Write each line below back out exactly, omitting its pictures.

## SOURCE DATA
========
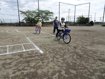 3年生以上は、横断歩道を自転車で渡るときは、自転車から降りて押しながら横断することを徹底して練習しました。また、自転車を上手く運転できるように練習しました。
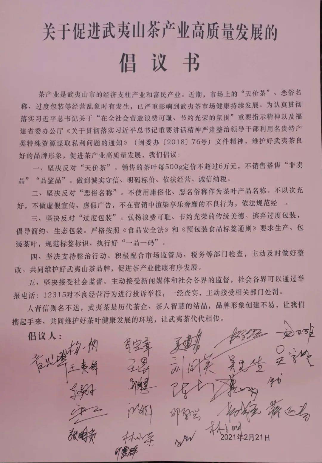 2月21日下午,武夷山市召開促進茶葉市場健康發(fā)展推進會,26家曾出現(xiàn)在網(wǎng)傳“天價茶”榜單上的武夷山茶企負責人共同簽署《關(guān)于促進武夷山茶產(chǎn)業(yè)高質(zhì)量發(fā)展的倡議書》,堅決反對“天價茶”,堅決反對“惡俗名稱”、“過度包裝”,承諾不做虛假宣傳,規(guī)范經(jīng)營管理,不銷售“非賣品”“品鑒品”,自覺接受監(jiān)督,如有違法違規(guī)行為,一經(jīng)查實,主動接受相關(guān)部門處罰。
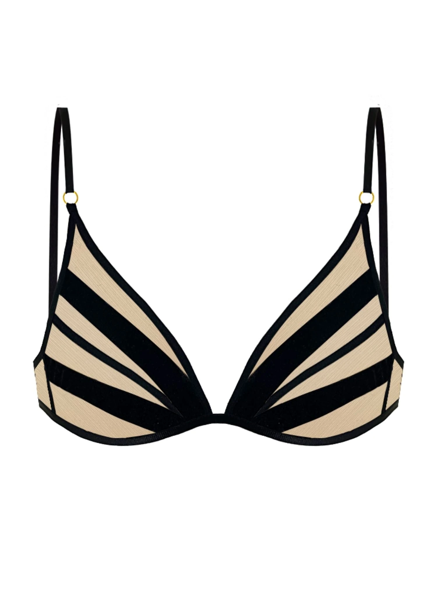 The Vanua Bra alternates wide and thin black velvet strapping on nude mesh for a minimal yet elevated look. Accented with gold-tone hardware. Pair with the Vanua thong for the complete look.
========
## ANSWER TO THIS EXERCISE
 3年生以上は、横断歩道を自転車で渡るときは、自転車から降りて押しながら横断することを徹底して練習しました。また、自転車を上手く運転できるように練習しました。
 2月21日下午,武夷山市召開促進茶葉市場健康發(fā)展推進會,26家曾出現(xiàn)在網(wǎng)傳“天價茶”榜單上的武夷山茶企負責人共同簽署《關(guān)于促進武夷山茶產(chǎn)業(yè)高質(zhì)量發(fā)展的倡議書》,堅決反對“天價茶”,堅決反對“惡俗名稱”、“過度包裝”,承諾不做虛假宣傳,規(guī)范經(jīng)營管理,不銷售“非賣品”“品鑒品”,自覺接受監(jiān)督,如有違法違規(guī)行為,一經(jīng)查實,主動接受相關(guān)部門處罰。
 The Vanua Bra alternates wide and thin black velvet strapping on nude mesh for a minimal yet elevated look. Accented with gold-tone hardware. Pair with the Vanua thong for the complete look.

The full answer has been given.